Required contract terms: NYHIPA includes specific contract requirements for service providers, unique among the other health-specific state privacy laws. While the required contract terms largely mirror those required by the CCPA regulations, there are some differences, such as a requirement to notify a regulated entity in advance prior to transferring regulated health information to other service providers.

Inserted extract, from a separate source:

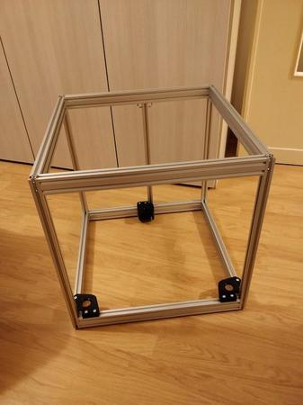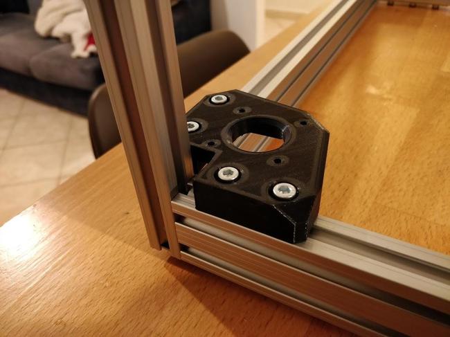 alla fine ho montato tutta la base e i 4 verticali, già così è parecchio rigido senza aver ancora la parte superiore di 2040, ed è anche tutto in squadra e a piombo.. misurerò alla fine ma credo andrà tutto bene. alla fine ho deciso di esagerare, ho filettato il centro delle 2040 della base (le righe orizzontali che si vedono) e bloccato il 2020 verticale con 4 M5x60 (al montaggio finale userò anche del ferma viti non permanente) usando la testa delle M5 come fossero dei dadi battenti al contrario. oltre a queste nella parte inferiore ho messo una staffa ad L in acciaio con 6 t-nut M5 mentre in corrispondenza della base del 2020 sempre filettato una M5. già questo da a quell'angolo robustezza, in più sopra si aggancerà il supporto per gli stepper Z anche loro con 4 M5 e dadi battenti. tra 2040 e staffa ad L metterò a sandwitch una lastra da 500x500 (al momento non c'è) che farà da base del contenitore per tutta l'elettronica. questo fatto per ognuno dei 4 angoli inferiori, sarà uguale per gli angoli superiori anche se non so ancora cosa mettere al posto della staffa ad L che non il top in quanto pulizia, magari me la faccio tagliare in alluminio, vediamo. eh si bisogna esser delicati anche se filettare l'alluminio è più facile che l'acciaio con cui ho un po' più d'esperienza ahaha comunque è stato abbastanza facile tutto fattibilissimo. -

Security requirements: Different from Washington and Nevada, NYHIPA explicitly requires regulated entities to develop and maintain physical, technical, and administrative safeguards to protect regulated health information, and also requires regulated health information be deleted pursuant to a public retention schedule no later than 60 days after it is no longer necessary to maintain for the purpose of collection and processing.

Enforcement:

NYHIPA provides the New York attorney general with enforcement authority, and also provides authority to promulgate implementing regulations. Potential rulemaking could offer clarity for regulated entities subject to compliance with this law, particularly related to open questions regarding the law’s scope and applicability.

Conclusion:

Though NYHIPA shares many similarities with other health-related state privacy laws passed in the previous two years, its broad scope, ambiguous definitions, and stringent consent requirements may prove to create compliance challenges for regulated entities. Because of NYHIPA’s potentially broad applicability, companies across the U.S. should closely monitor NYHIPA’s progression.